◆ What the task requires ◆
An exact copy of the data is required, with no pictures in it.

____ Information shown

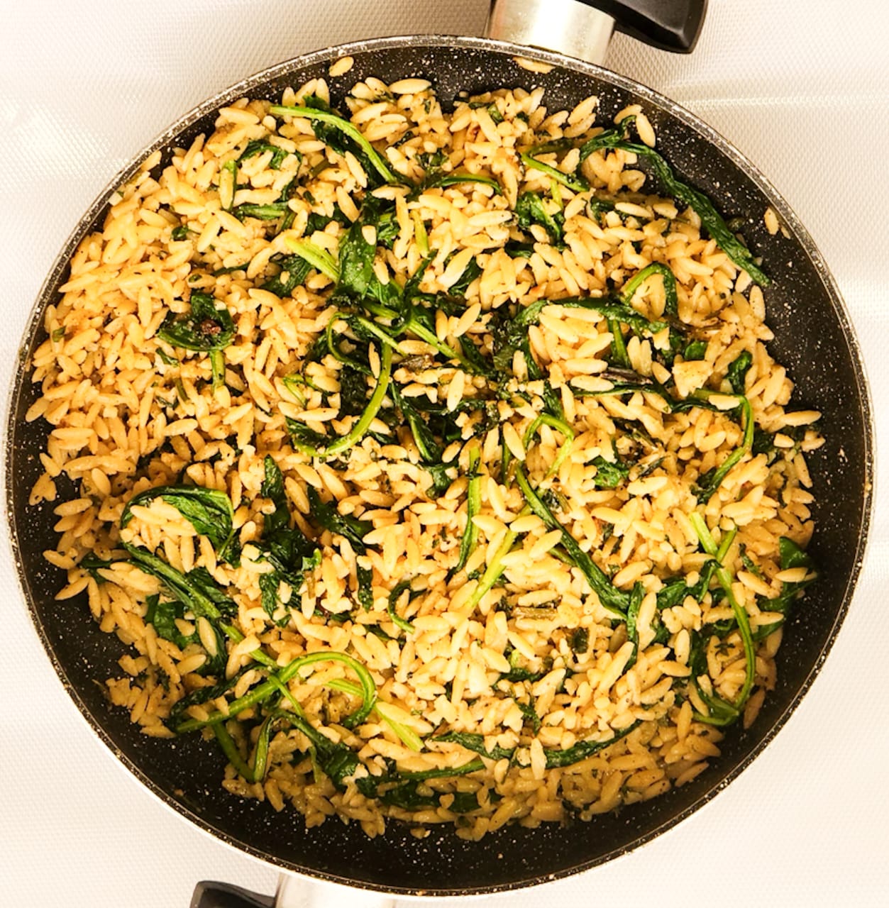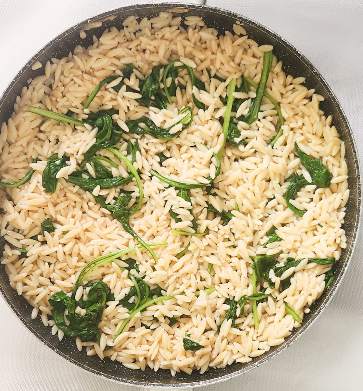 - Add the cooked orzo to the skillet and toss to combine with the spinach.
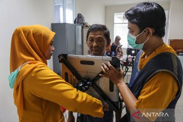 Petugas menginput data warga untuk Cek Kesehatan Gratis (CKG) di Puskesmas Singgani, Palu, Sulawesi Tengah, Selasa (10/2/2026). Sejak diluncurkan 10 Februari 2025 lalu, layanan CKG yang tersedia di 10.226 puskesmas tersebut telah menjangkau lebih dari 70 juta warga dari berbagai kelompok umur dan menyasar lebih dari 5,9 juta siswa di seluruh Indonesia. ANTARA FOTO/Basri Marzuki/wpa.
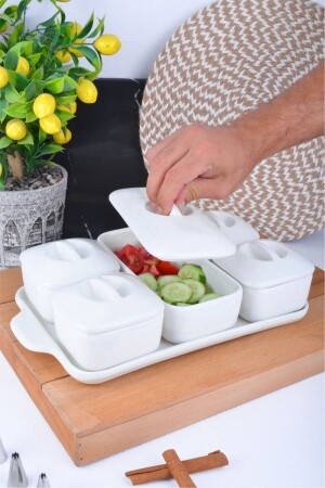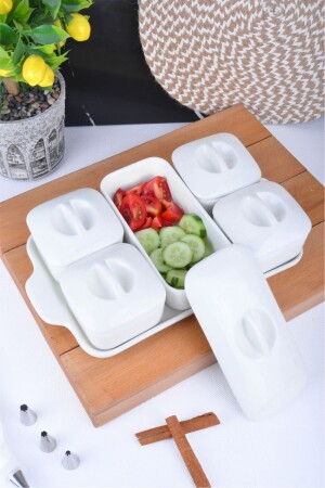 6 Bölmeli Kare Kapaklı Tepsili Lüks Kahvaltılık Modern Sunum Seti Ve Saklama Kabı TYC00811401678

________

◆ Written response ◆
 - Add the cooked orzo to the skillet and toss to combine with the spinach.
 Petugas menginput data warga untuk Cek Kesehatan Gratis (CKG) di Puskesmas Singgani, Palu, Sulawesi Tengah, Selasa (10/2/2026). Sejak diluncurkan 10 Februari 2025 lalu, layanan CKG yang tersedia di 10.226 puskesmas tersebut telah menjangkau lebih dari 70 juta warga dari berbagai kelompok umur dan menyasar lebih dari 5,9 juta siswa di seluruh Indonesia. ANTARA FOTO/Basri Marzuki/wpa.
 6 Bölmeli Kare Kapaklı Tepsili Lüks Kahvaltılık Modern Sunum Seti Ve Saklama Kabı TYC00811401678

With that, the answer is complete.